High school seniors dance just under the wire News of storm didn't keep them home

March 16, 1993|By Mary Gail Hare | Mary Gail Hare,Staff Writer

"Let's dance" took on a new sense of urgency for Westminster High's seniors Friday.

With storm clouds gathering and blizzard conditions impending, most of the seniors spent their day off listening to weather reports and hoping they wouldn't hear a cancellation of their traditional dinner dance.

"We had to know by noon or earlier, if we were going to cancel," said Janet Kelly, faculty adviser to the senior class.

Weather forecasters promised that the snow wouldn't fall in any earnest until after midnight -- an hour after the last song would play at the dance. After frequent consultations, advisers, administrators and dance planners decided to take a chance.

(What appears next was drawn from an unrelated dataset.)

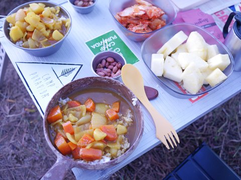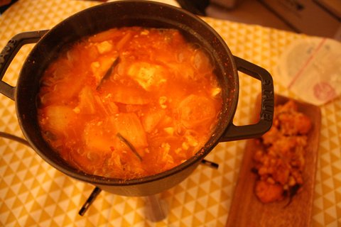 캠핑장에서 빠질 수 없는 김치찌개도 끓여먹고요

Once the chefs at Turf Valley Country Club started preparing the meal, there was no turning back; the 250 students were committed to their $20-a-plate evening.

Apparel took an all-weather bent as students came prepared for the worst.

The young ladies mixed traditional velvet, lace or satin and beaded evening bags with sturdy snow boots and heavy mittens.

Instead of asking dad for the keys to the sportier cars, the young gentlemen opted for the family wagons and four-wheel-drive vehicles.

Along with "have fun" wishes, parents packed bags of sand, de-icer sprays, chains for tires and flashlights for the vehicles before they ventured out.

"My dad made me take warm clothes and sleeping bags," said Chris Maynard. "He gave me his credit card, too, in case we had to stay overnight at Turf Valley."

A few events on the evening's packed agenda had to be shortened.

"We wanted to make sure we got everything in for the class, just in case it started snowing early," said Cal Bloom, one of the chaperons. "We figured if it started to get bad, we would send the kids home."

The tossed salad may have gotten lost in the shuffle, he said. It never appeared on the tables. Diners went right from fruit to main course.

A video presentation of high schools ended mid-reel with a command, "Time to dance."

Couples twisted past the windows to catch a glimpse of the sky. Chaperons did double duty and made frequent trips outside.

Mr. Bloom said he set off minor alarm bells with a bogus announcement of "two inches on the ground already."

Before leaving the dance floor, most celebrants swapped elegant footwear for nonskid soles.

No one had to trip the light fantastic through the snow, though.

The evening ended and most cars were back in the family driveways before the first flake hit the ground.